Sheldon Museum of Art
Date of this Version
1985
Citation
RESOURCE AND RESPONSE, Sheldon Memorial Art Gallery, Volume 1 Number 2
Abstract
This exhibition, the second in the Resource and Response Series, assembles approximately a score of works which span nearly four decades of Michael Goldberg's career as a painter. In so doing, this exhibition also reflects upon perhaps the most fabled chapter in the history of American art: the emergence of the New York School and, with it, the creation of an "independent, self-generating, and specifically American art.'" Here, as for all shows in this series, the intent is not to rival a full retrospective, but to develop a focused response to prominent issues and concerns in the world of contemporary art.
In speaking about his work, Goldberg remarked (with a level of pretension hovering around absolute zero), "I think of my art as being a little like a slinky toy. It expands and then gathers itself into the same shape."What this exhibition offers, is the opportunity to suggest some of the ways in which Goldberg's work, through all of its changes, remains an expansion and a gathering of the artist's original ideas. At the same time, this exhibition provides a chance to question the place in American art history which criticism, until very recently, had designated for Goldberg and other members of the "second generation" of Abstract Expressionists.

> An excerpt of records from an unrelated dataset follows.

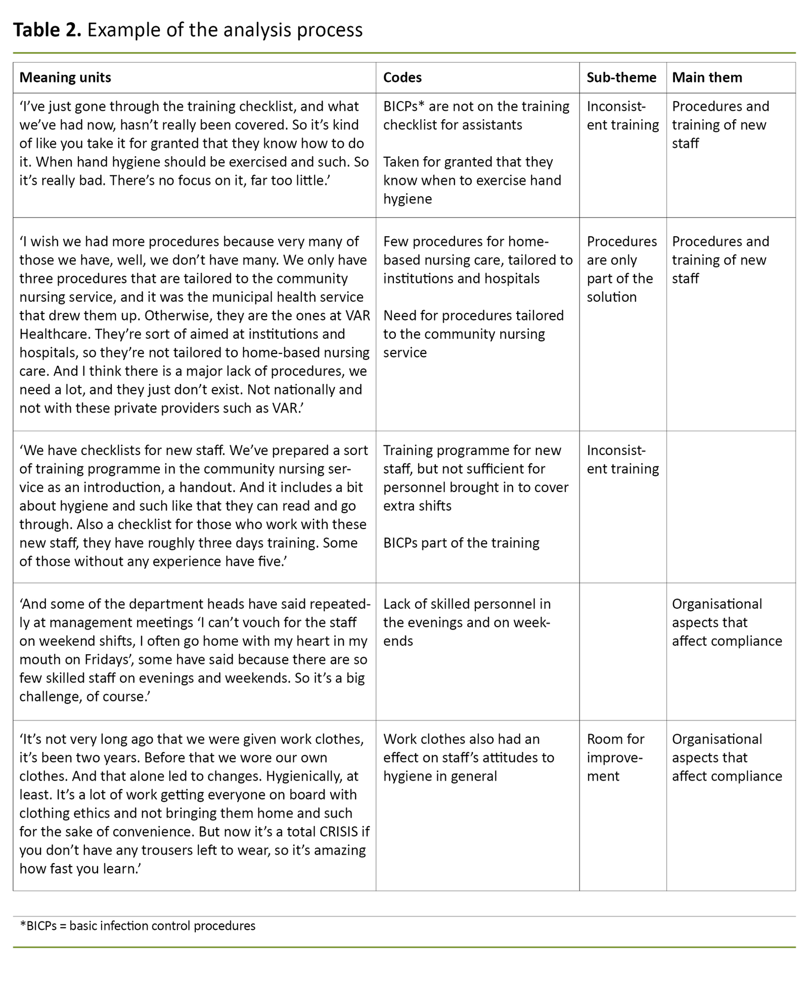 The sample consisted of nursing consultants, a nursing manager and an infection control public health nurse (Table 1). They were informed about the purpose of the study and the interviewer’s background from the community nursing service.
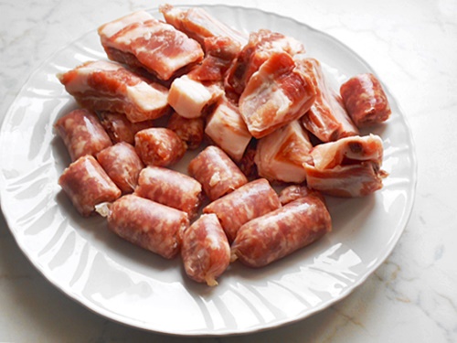 Tagliate a tocchetti la salsiccia e sistemate anche le costine nel piatto.
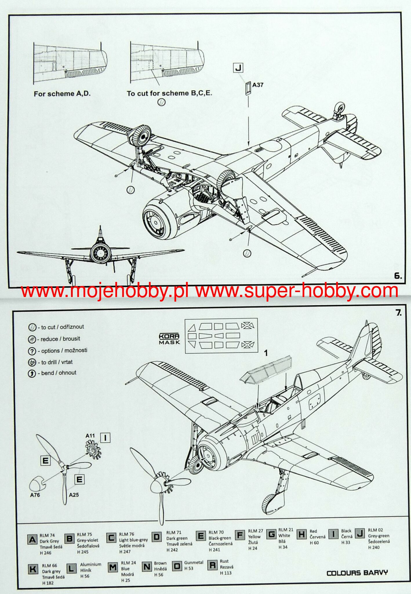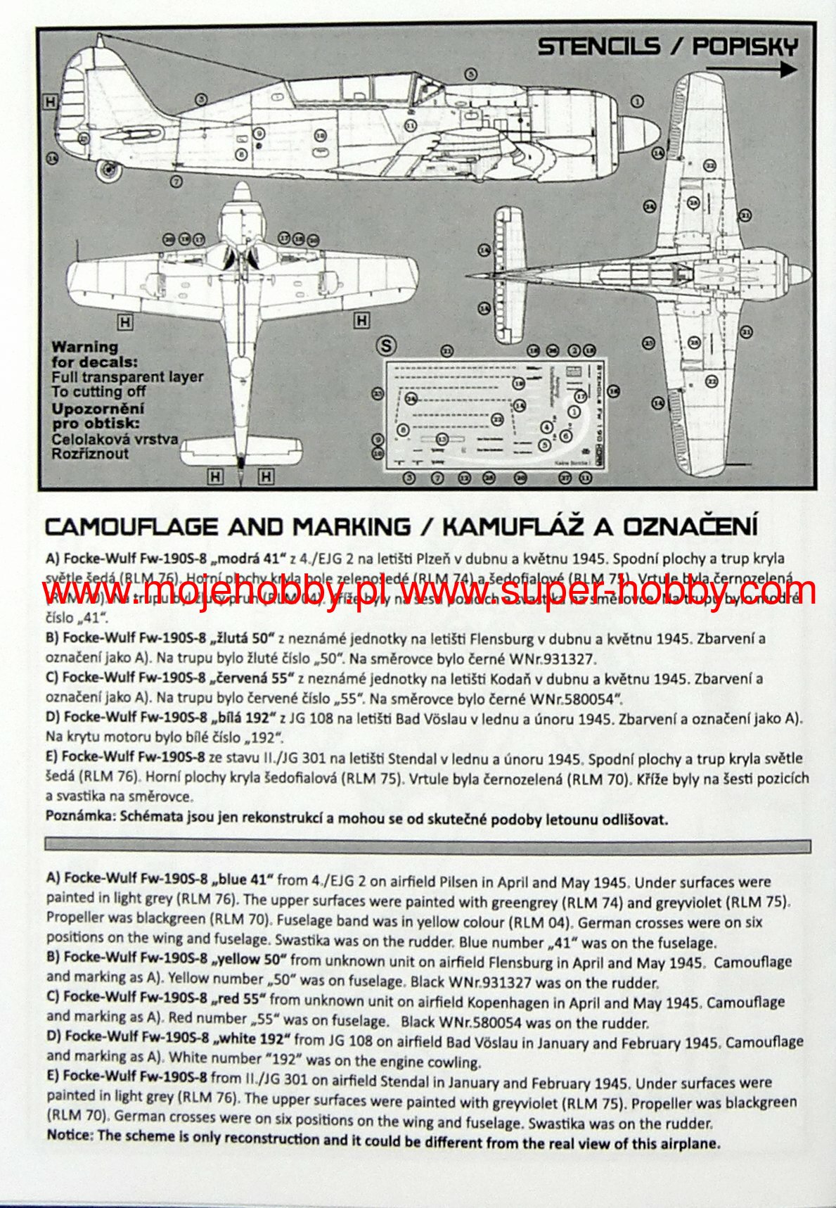 The Focke-Wulf Fw-190 is a German, single-engine, full-metal fighter aircraft with a covered cabin in the low wing design of the Second World War. The pilots considered the Fw-190 to be a better aircraft than the Messerschmitt Bf-109. A self-supporting low wing with a working Fw-190 coating was commissioned by the Luftfahrtministerium, assembled in the fall of 1937. Kurt Tank submitted two propulsion proposals - the first with a liquid-cooled Daimler-Benz DB 601 engine, and the second with the new BMW 139 radial engine. The latter was chosen, and the work started in the spring of 1938 was headed by Obering R. Blaser. The first prototype of the Fw-190V1 was ready in May 1939, and it was flown in Bremen on June 1, 1939 by Captain Hans Sander. The second prototype, the FW-190V2, armed with two MG131 and two MG17 machine guns - all 7.92 mm caliber, was flew in October 1939. To reduce aerodynamic drag, both were equipped with a tunnel air inlet in the propeller cap, but problems with overheating of the engine resulted in a return to the proven NACA shield design. Before the tests of these prototypes began for good, the decision was already made to replace the BMW 139 engine with a stronger, but longer and heavier BMW 801. It required many changes, strengthening the structure and moving the cabin back, which later became a source of problems with the center of gravity. The advantage was the removal of problems with exhaust gas permeation and overheating of the cabin interior due to its direct vicinity to the BMW 139 engine. The third and fourth prototypes were abandoned, and the Fw-190V5 with the new engine was completed at the beginning of 1940. Later, it received wings with a wingspan enlarged by one meter (from the original 9.5 m), which made it 10 km / h slower, but it increased the rate of climb and improved maneuverability. It was marked Fw-190V5g, and the variant with the shorter wing was Fw-190V5k. The first seven machines of the Fw-190A-0 information series had a short wing, the rest - a longer one. The first operational unit equipped with the Fw-190 - 6./JG 26 stationed at Le Bourget, declared its operational readiness in August 1941 and from the first meeting of the new fighter with the British Supermarine Spitfire, its advantage over them became apparent. During the war, a dozen or so versions of this great plane were created. The machines of the "A" version, along with a dozen or so modernizations, served as fighter planes. The versions marked "B" and "C" were only prototypes of high-altitude fighters intended for fighting strategic bombers, but they did not enter into serial production. The "D" variant, as the only one of the Fw-190s, was powered by the new 1750HP Jumo 213A engine and was the German response to the P-51 Mustang. The new engine extended the fuselage by several dozen centimeters. This variant also performed mainly hunting and high-altitude fighter tasks. Numerous variants of the "F" version were used as fighter-bombers as direct support of the battlefield. The "G" version played the same role as the "F" version, but had a greater range. During the entire war, over 20,000 copies of this one of the best fighters of World War II were produced. Technical data (version Fw-190A-8): length: 9m, wingspan: 10.51m, height: 3.95m, maximum speed: 656km / h, rate of climb: 15m / s, maximum range: 800km, maximum ceiling 11410m , armament: fixed-2 MG131 13mm machine guns and 4 MG151 20mm cannons (2 MG 151 / 20E cannons for the D-9 version).
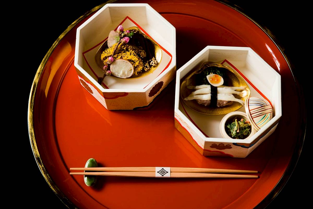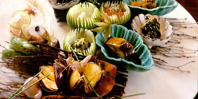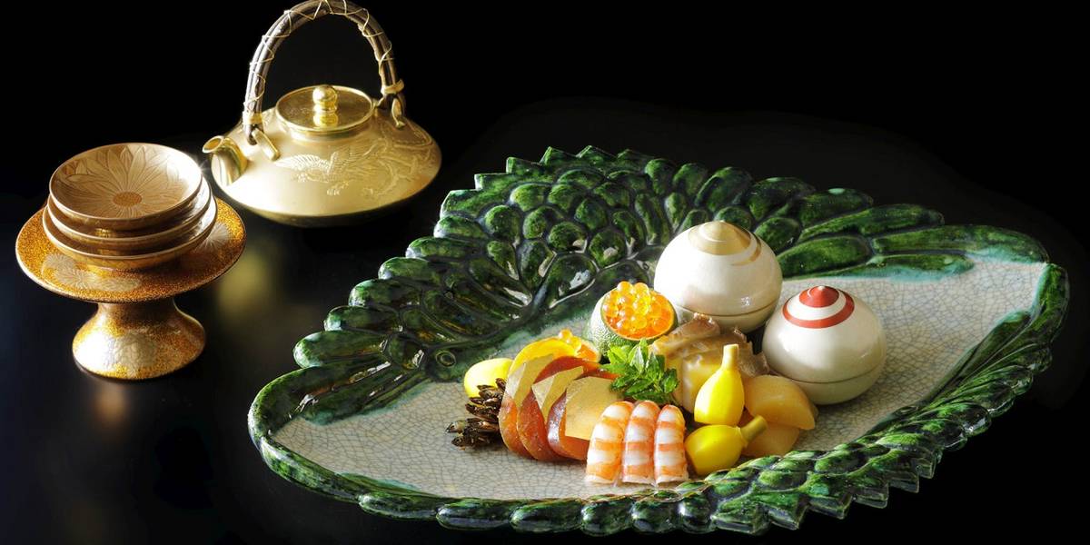อาหารในคอร์สไคเซกิของร้าน Kitcho Arashiyama Honten ที่จัดเรียงมาอย่างสวยงาม ภาพ: restaurant.ikyu.com
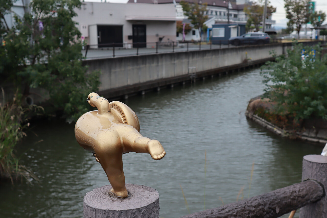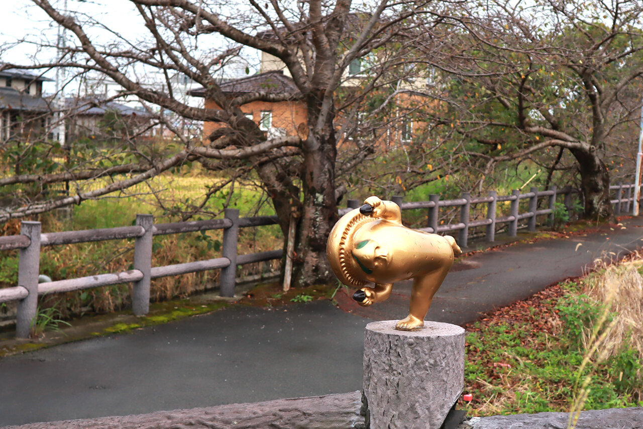 まず、道の駅おおきから歩いて15分ほどのクリーク端でポーズを決めているのが、“プリけつの黄昏きの子”の名前で知られる小ぶりの子。

That place has been assigned largely, it would seem, because the lure and tradition of the New, by the middle Fifties, was altogether compelling. As Robert Rosenblum recently admitted, "I was already aware that Rothko and Still, Pollock and de'Kooning were heavyweights and spoke for past achievement; but I couldn't wait to turn the page and find out what would happen next."Further, he writes," ... , for one, thought I could write off most of the work by [Norman Bluhm, Michael Goldberg, Grace Hartigan, AI Held, Alfred Leslie and Joan Mitchell] as irritating anachronisms, the product of loyal but growingly irrelevant satellites. I was anxious to sweep them under the carpet and get on with the evolution of art.'" In this context, it is important to note, if very eliptically, that the art of the first generation, of Rothko, Pollock, de Kooning, - and perhaps a dozen others - owed a great deal to tradition, and little of that American.